Ждать пришлось долго. От нечего делать Петр Степанович в десятый раз обдумывал слова, которые должен сказать.

«А может, некстати приехал? – вдруг подумалось ему. – И зачем? Кому насолить-то решил? Не лучше ли сейчас встать и вернуться вечерним поездом домой? Не проще ли согласиться с Батовым, уступить Русакову?»

От этой мысли Волнова покоробило. Простить Батову?..

Массивная дверь кабинета отворилась, и вышел сам Сазонов.

– Батеньки, какими судьбами!

Волнов вскочил.

– Я к тебе, Владимир Иванович. Поговорить по душам. Разрешаешь?

Петр Степанович в высшей степени умел пользоваться такой прекрасной смесью, как уважительное имя и отчество – с одной стороны, а с другой – приятельское «ты», как будто и близок ты к «лицу» и в то же время на нужном расстоянии. Смесь помогает то отходить, то подходить, так сказать, маневрировать с людьми.

– Заходи. У меня есть полчаса, я к твоим услугам, – пригласил Сазонов.

Через минуту Волнов сидел в мягком кресле и спокойно и веско излагал суть своего дела.

– Кто бы мог подумать! – время от времени удивлялся Сазонов. – Нет, ты подумай… главное сейчас, когда в области сложно с уборкой, когда все надежды на ваш район, так и сказал Еремин в прошлый раз на обкоме, и вдруг такое! Право, трудно поверить! Мне казалось, редко у кого такое понимание друг друга, как у вас. Да я недавно видел Батова, не помню, в связи с чем, но он отозвался о тебе, как о дельном человеке, активном, энергичном.

– К сожалению, все так, как говорю! Работать с ним невозможно, – Волнов раз-другой кашлянул, устало откинулся в кресле и до отказа залил страданием свои светлые глаза. Так просидел ровно столько, сколько позволяли обстоятельства, чужой кабинет.

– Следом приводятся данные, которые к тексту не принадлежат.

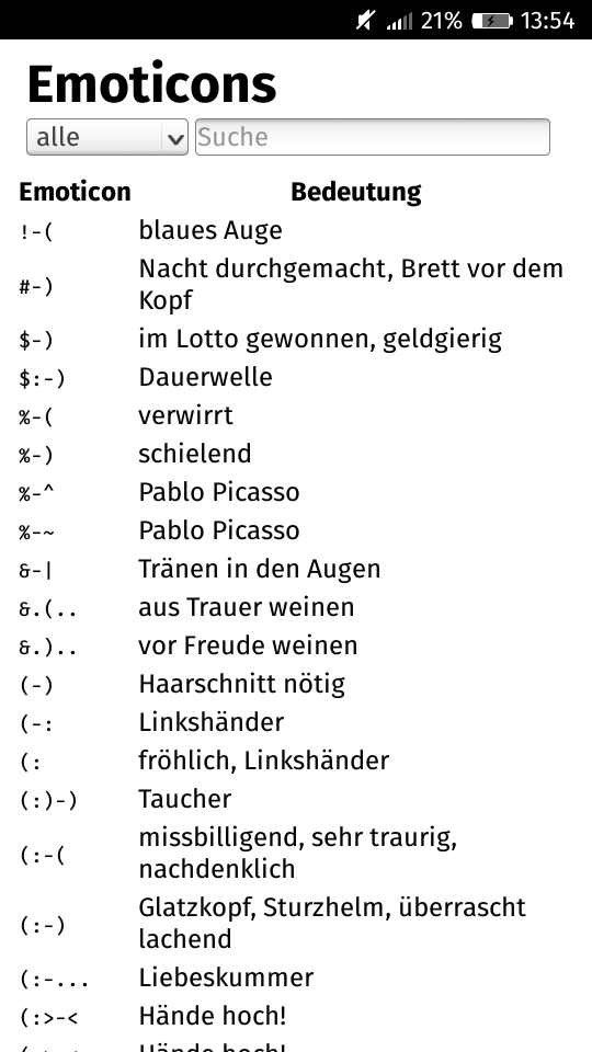 Installiere die aktuelle Version von GitHub! Die Version hier im Marketplace kann keine Aktualisierungen mehr erhalten! Einfaches Verzeichnis für Emoticons mit ihrer Bedeutung, einschließlich Suchfunktion Wünsche zu Emoticons, die ich neu in die Liste aufnehmen soll, können mir gerne per E-Mail zugesandt werden, aber bitte immer mit ein paar Quellen, die die tatsächliche Verwendung belegen.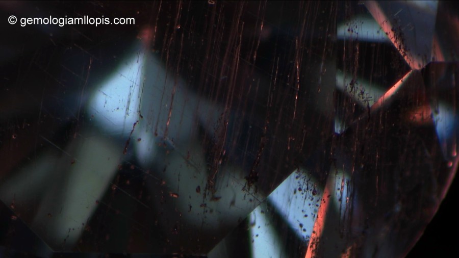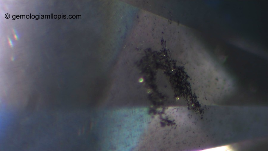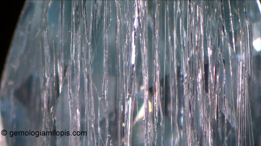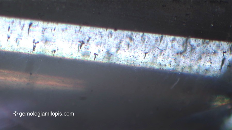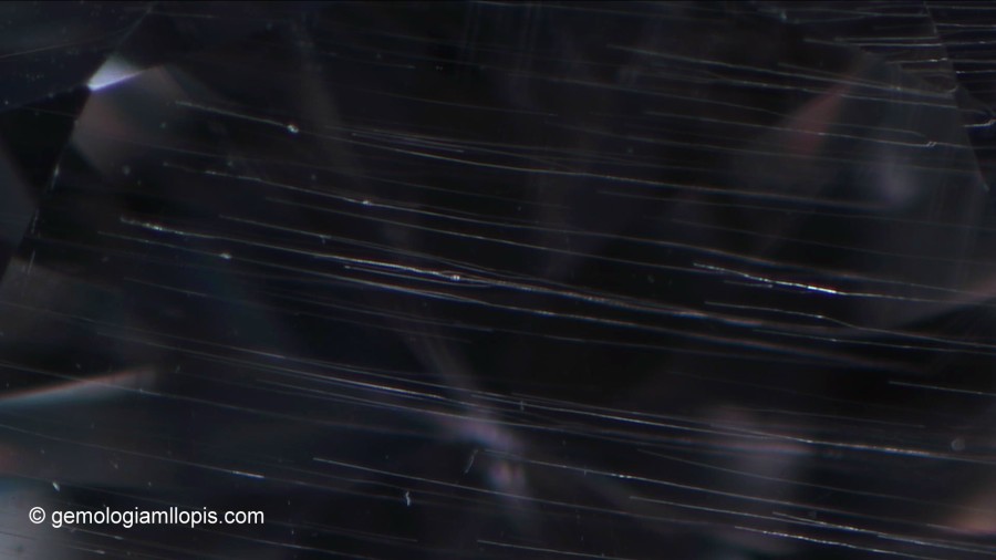Sin embargo, cuando observamos de perfil con el microscopio gemológico el mismo ejemplar vemos que, además de esas inclusiones sólidas y sin forma cristalina de color negro, tiene inclusiones con forma de «hilo» más o menos paralelas que forman un panorama interno inusual en los diamantes.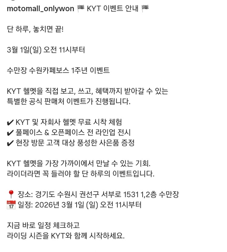 이벤트&행사 분류 까페보스 & KYT 행사 작성자 정보 아빠이글이쪽지보내기 자기소개 작성자로 검색 작성글보기쪽지보내기 자기소개 작성자로 검색 작성글보기 작성 작성일 2026.02.16 21:08 컨텐츠 정보 23 조회 0 RPM 목록 본문 3월1일 까페보스 와 KYT 콜라보가 있네요 0 추천 SNS 공유 신고 관련자료 다음 혼다코리아 2월 프로모션 작성일 2026.02.13 13:22 댓글 0 등록된 댓글이 없습니다. 로그인한 회원만 댓글 등록이 가능합니다. 목록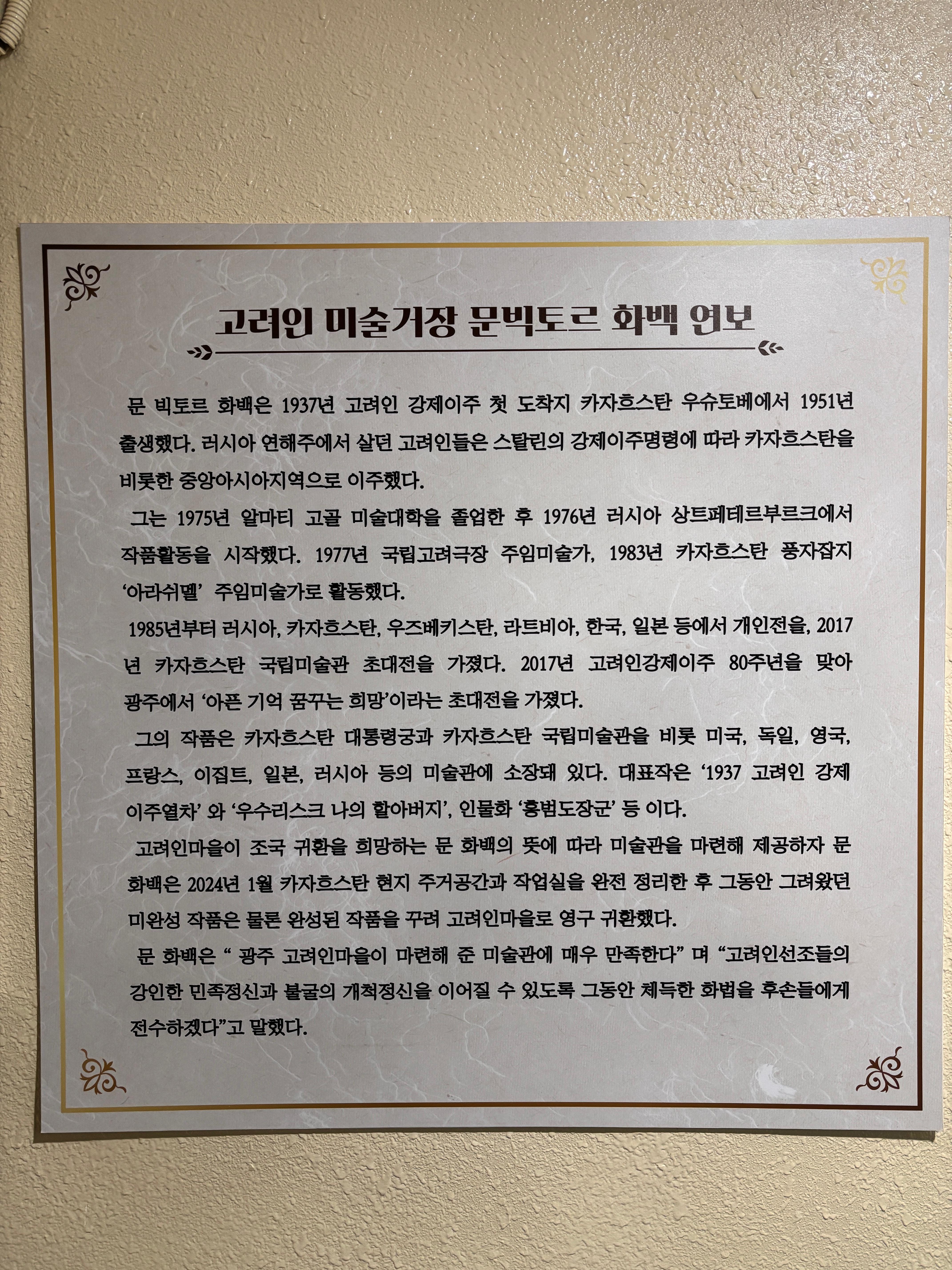고려인마을 문화관에서 빅토르 문이라는 카자르스탄 고려인 화가의 작품을 봤습니다.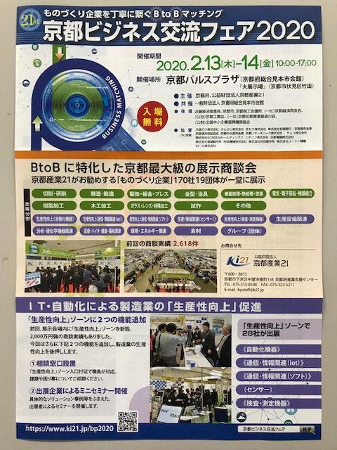 最初の展示会「京都ビジネス交流フェア2020」の開催が近づいて参りました。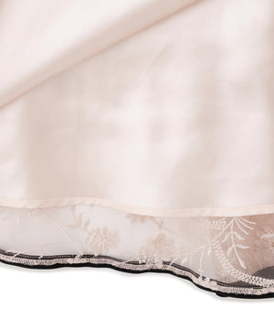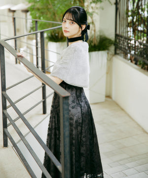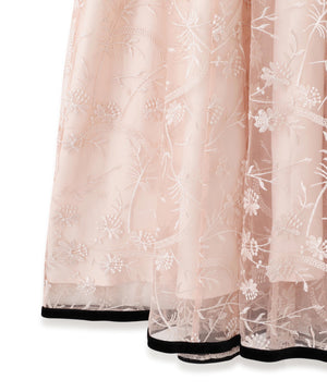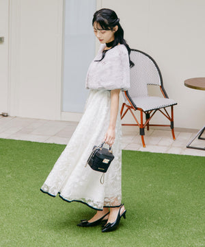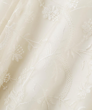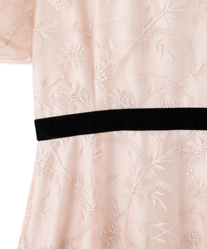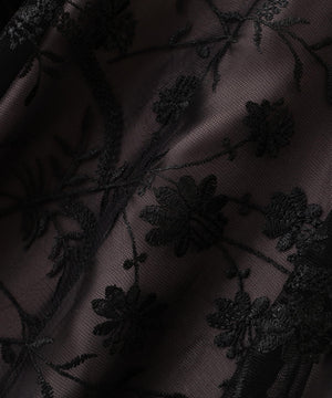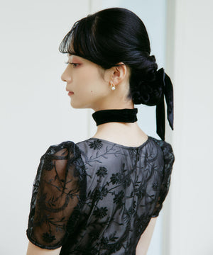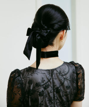 総柄の刺繍を施した繊細なレース生地に艶やかなベルベットテープをあしらい華やかさとクラシカルなムードを纏わせました。

Затем вдруг встрепенулся, вдохновенно произнес: – Не я ли годами создавал району особое положение в области, авторитет?! Сколько крови себе попортил, здоровья потерял, ради того, чтобы район имел добрую славу! Не скажу, чтобы Батов тоже не вкладывал сил, но черновая, самая трудная работа всегда была на мне… И сегодня тоже…

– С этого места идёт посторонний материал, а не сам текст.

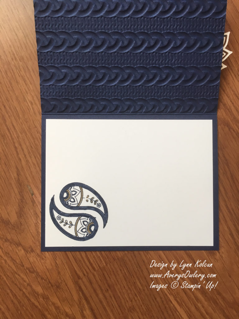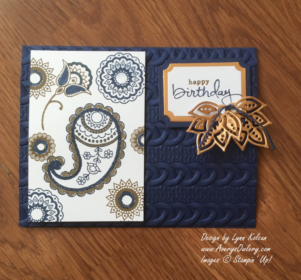 In the new Holiday Catalog, available for purchase September 1, there is a new set called Paisleys & Posies. The stamp set is full of great images of Paisleys and coordinates with a framelit set. I decided to use the stamps to create my own Designer Series Paper. I selected several of the images and stamped them in either Night of Navy or Soft Suede. I then colored in selected parts of them with those same colored markers.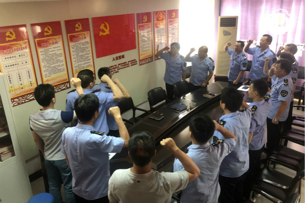 二是重溫入黨誓詞。組織全體黨員面對黨員活動室宣誓墻,重溫入黨誓詞:“我志愿加入中國共產黨,擁護黨的綱領,遵守黨的章程……永不叛黨”。通過宣誓,激勵每名黨員干警爭先創優,發揮先鋒模范帶頭作用,堅定為共產主義事業奮斗終身的信念。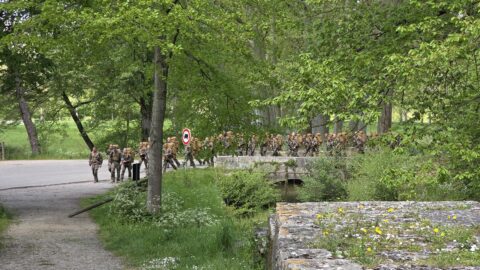 Peu avant le seuil nous avons pique-niqué près des anciennes minoteries de Naurouze et nous avons eu la surprise de voir un bataillon de légionnaires s’engager sur la voie verte de la Rigole de la Plaine.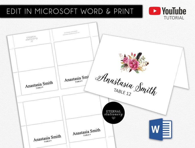 Diy Editable Microsoft Word Place Card Template Wedding Place Etsy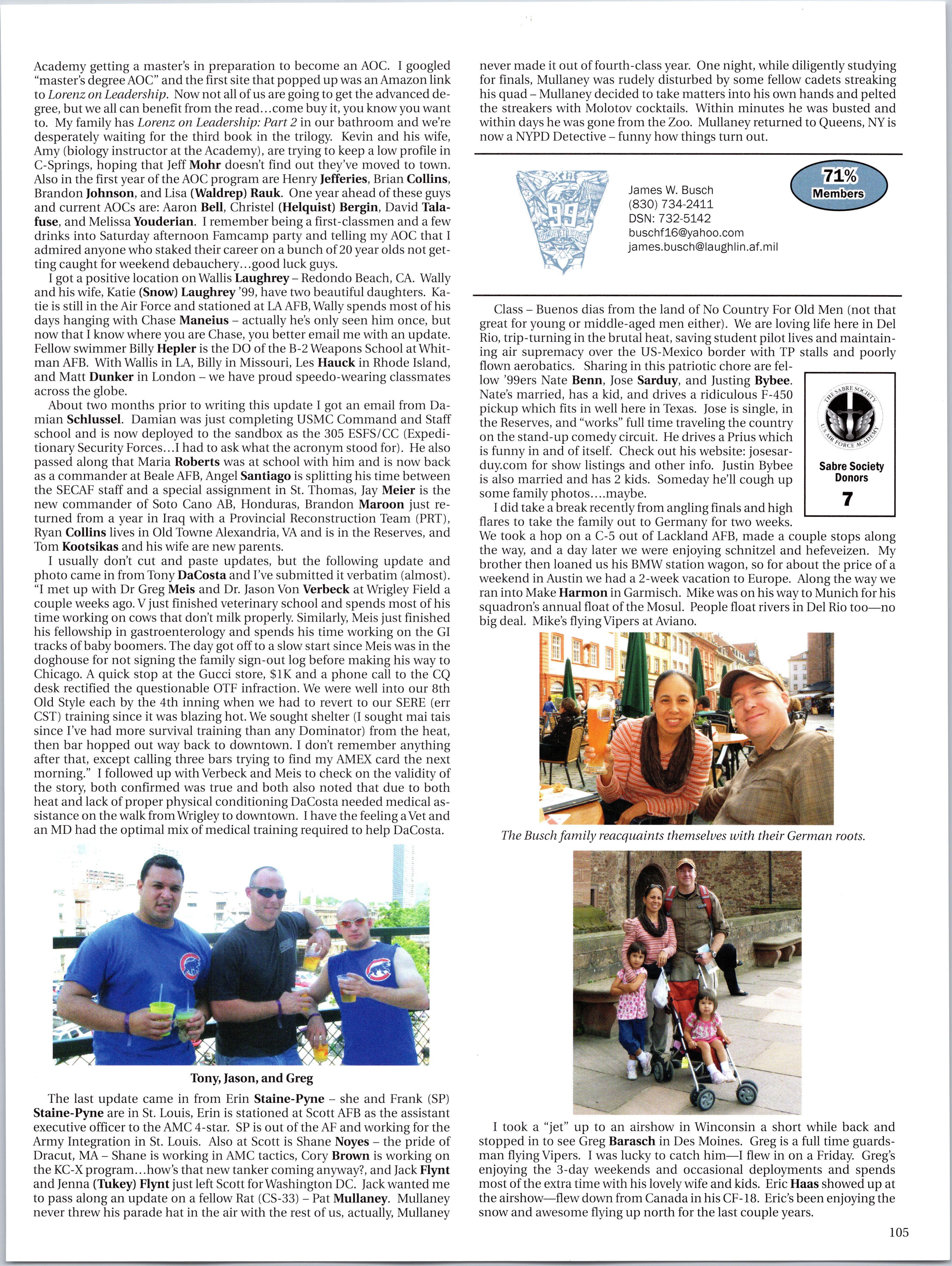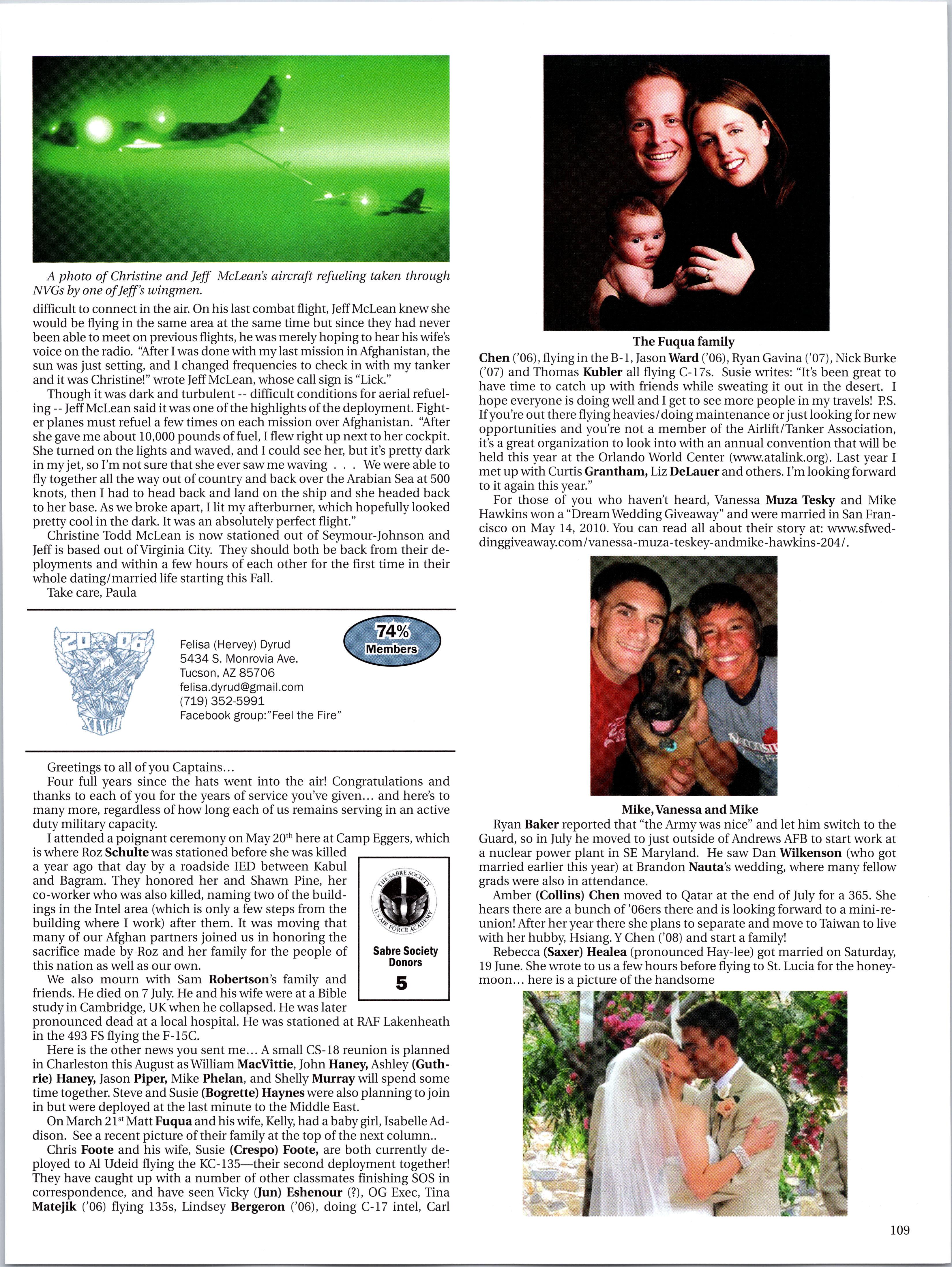 VanBaren: F-16, Will Parrish: F-15E, Alex Prevendar: T-38 (FAIP) to Vance, Travis Cope: C-17 to Charleston, John Skypeck: KC-135 to Fairchild, Aaron Shanor: E-3 to Tinker, Nathanael Walker: C-130J to Dyess, Cole Callahan: NSAto Cannon, Kyle Carnahan: AC-130H to Cannon, Grant Lewis: C-130H to Cheyenne, Heather Pinsky: MC-130W to Cannon, Jon Rember: C-130H to Dyess, Daniel Samson: C-130H to Little Rock, Clay Ten Eyck: AC-130H to Cannon, Chris Miller: RPA to Cannon, Nicole Graziano: KC-10 to McGuire, Lane Garman: T-l (FAIP) to Vance, Natasha Sergi: C-17 to Charleston, Patrick Hardy: C-130 to Yokota, Jon Butcher: KC-10 to McGuire, Ryan King: RPA to Creech, Daniel Feldman: RPA to Creech, Tyler Lawhorn: T-l (FAIP) to Columbus, Mario (Barron) Peloquin: KC-135 to MacDill, ChayDerbigny: C-130J to Little Rock, Jeff Weger: C-130 to Little Rock, Matthew Burnham: C-5 to Travis, Roger Knobeloch: C- 130J to Little Rock, Bryce Johnson: MQ-1 to Creech, Matt Buchholtz: C-130 to Little Rock, Chris Schumacher: C-130 to Dyess, Tom Bender: T-l (FAIP) to Vance, Andrew Cipolla: C-21 to Scott, Adam Ferek: C-17 to Charleston, Marc Goodman: RPA to Creech, John Hatfield: C-5 to Dover, Ben Hedges: KC-135 to MacDill, DJ Hidalgo: T-6 (FAIP) to Vance, Eryn Johnston: C-17 to McGuire, Spencer Liedl: KC-135 to Scott, Jon Luhrmann: MC-130 to Cannon, Nikita Martin: KC-135 to Hickam. That’s it for this issue. Send me good news!!

– Нет, ты подумай, – покачал головой Сазонов.

– А сейчас Батов растоптал мой авторитет – так, между прочим, будто я уже и не Волнов. Дело в том, что я вынужден был отстранить от работы Русакова… Это агроном один в нашем колхозе. Отстранил за нарушение моих указаний, за пренебрежительное отношение к планам района. И что сделал Батов? Дал мне бестактный выговор.

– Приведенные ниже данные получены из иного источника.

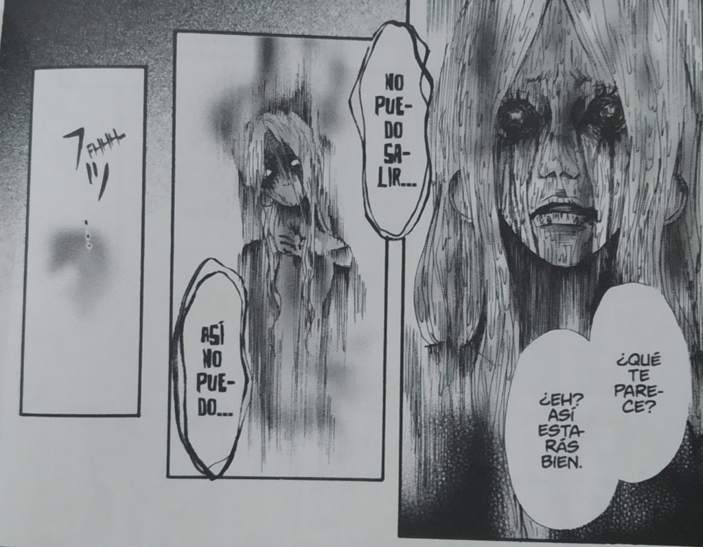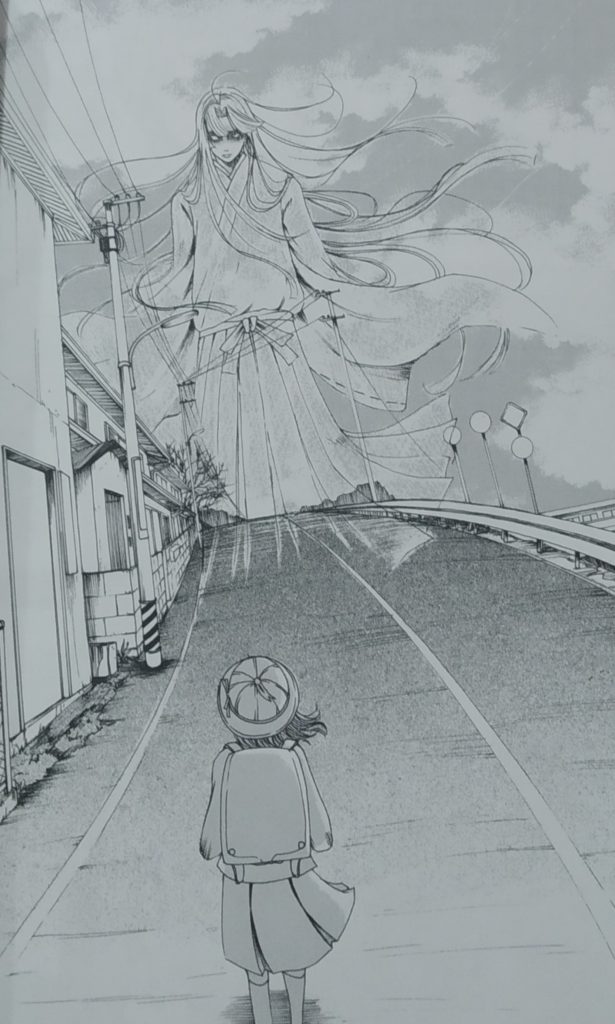 Artísticamente su estilo es muy similar a otros talentos dentro del género, como el mismo Junji Ito. Trazos firmes y elegantes que dibujan rostros y figuras estilizados, combinados con un detalle cuidado en los escenarios y reforzado con un diseño de lo sobrenatural realmente destacable. En algunas ocasiones los espectros son pavorosos, inquietantes… surgen de las sombras y se muestran en todo su horror. La autora sabe captar cada una de esas presencias con mucha solvencia. Incluso en el relato en el que aparece un ser de origen y procedencia ambigua, una especie de ente cercano a un dios o un vigilante de otra dimensión (es difícil determinarlo) consigue dotarle de presencia y entidad, imponente… como podéis comprobar en la imagen de la derecha.

– Подожди, Русаков, Русаков… – начал вспоминать Сазонов. – Блондинчик такой, помню, очень даже помню. Года три тому назад горячо на совещании выступал…

– Тот самый, – Волнов скривил губы, – тот самый. Горло драл, а теперь дело запустил так, что ни одного севооборота не освоил… Пустобрех. И Батов из таких подбирает себе гвардию!

– Ну, а как ваша ПТС?

– ПТС? Батов завалил! Колхозы, мол, не готовы! Я еще и ретроград!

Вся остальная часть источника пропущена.